Sympathy Gifts For The Loss Of A Child

Why do we give gifts? The short answer is to show the love and respect for the person or family receiving the gift. The majority of gift giving occurs during happy occasions such as holidays, birthdays and anniversaries. Even during a sorrowful period in a person's life, when death has suddenly taken away someone they loved, an appropriate sympathy gift given at the right time can be a comforting remembrance and keepsake of their loved one. But what if the deceased was a baby who was stillborn or died shortly after birth? Is there any sympathy gift that can be given to the grieving parents to help them cope with the overwhelming sadness they are suffering?

The reality is that there is no physical sympathy gift that can be given to the distraught parents that will remove the pain and hurt they are experiencing. Their baby's birth was to be the beginning of an exciting new period in their lives. In an instant, joyous expectations turn to agonizing pain. With time, the disabling sadness the parents suffer will slowly subside, but will never be completely extinguished. What can be done to help the grieving parents get through the most stressful period of their life immediately after the death of their baby?
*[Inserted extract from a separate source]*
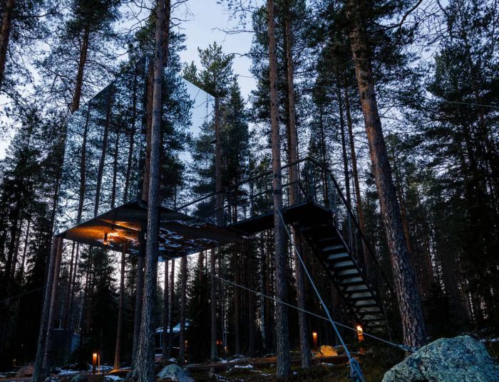 미러큐브는 외관의 모든 면이 거울로 된 방이다. 숲을 보호하기 위해 한 그루의 나무도 베어내지 않고 지은 트리 호텔의 풍경.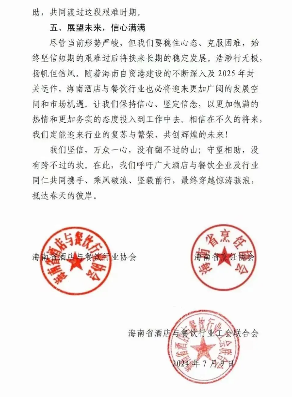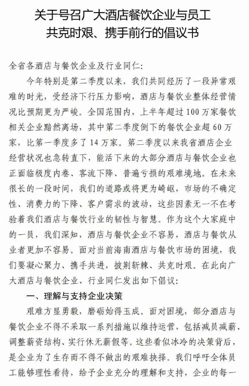 7月9日,一份由海南省酒店與餐飲行業(yè)協(xié)會、海南省烹飪協(xié)會和海南省酒店與餐飲行業(yè)工會聯(lián)合會聯(lián)名發(fā)布的倡議書在旅游業(yè)內(nèi)引發(fā)軒然大波。

The best sympathy gift that can be given to someone who has lost a baby is love, understanding, and time. Resist the thought that "talking about it will make it worse".

With very few exceptions, the grieving parents want, and more importantly need, the comfort and support of their family and friends. During such times with the parents, care should be taken to avoid well meaning, but ultimately hurtful sayings such as;

"It's God's will."

"You can always try again."

"Time will heal your broken heart."

Instead, try to acknowledge the devastating loss the parents have suffered with comforting statements such as;

"I can not begin to imagine the pain you must be feeling"

"I am so sorry about the loss of your baby"

"If there's anything I can do for you and your family, please let me know."

If the grieving parent feels like talking, gently acknowledge what they are saying with no attempts to bring your own views regarding medical information, logic or religion into the discussion. If the parents had named the deceased baby, try to use the baby's name in the conversation to show you understand the human reality of their loss.

Many people may elect to send the parents of a deceased baby a sympathy gift to show their sorrow for their loss. Garden stones or wind-chimes engraved with the baby's name will be long treasured by parents as dignified memorials of their child's short time with them on earth.

But whether a gift is given or not, what the parents of the baby will remember and most appreciate was having someone there who supported and comforted them in their darkest hours.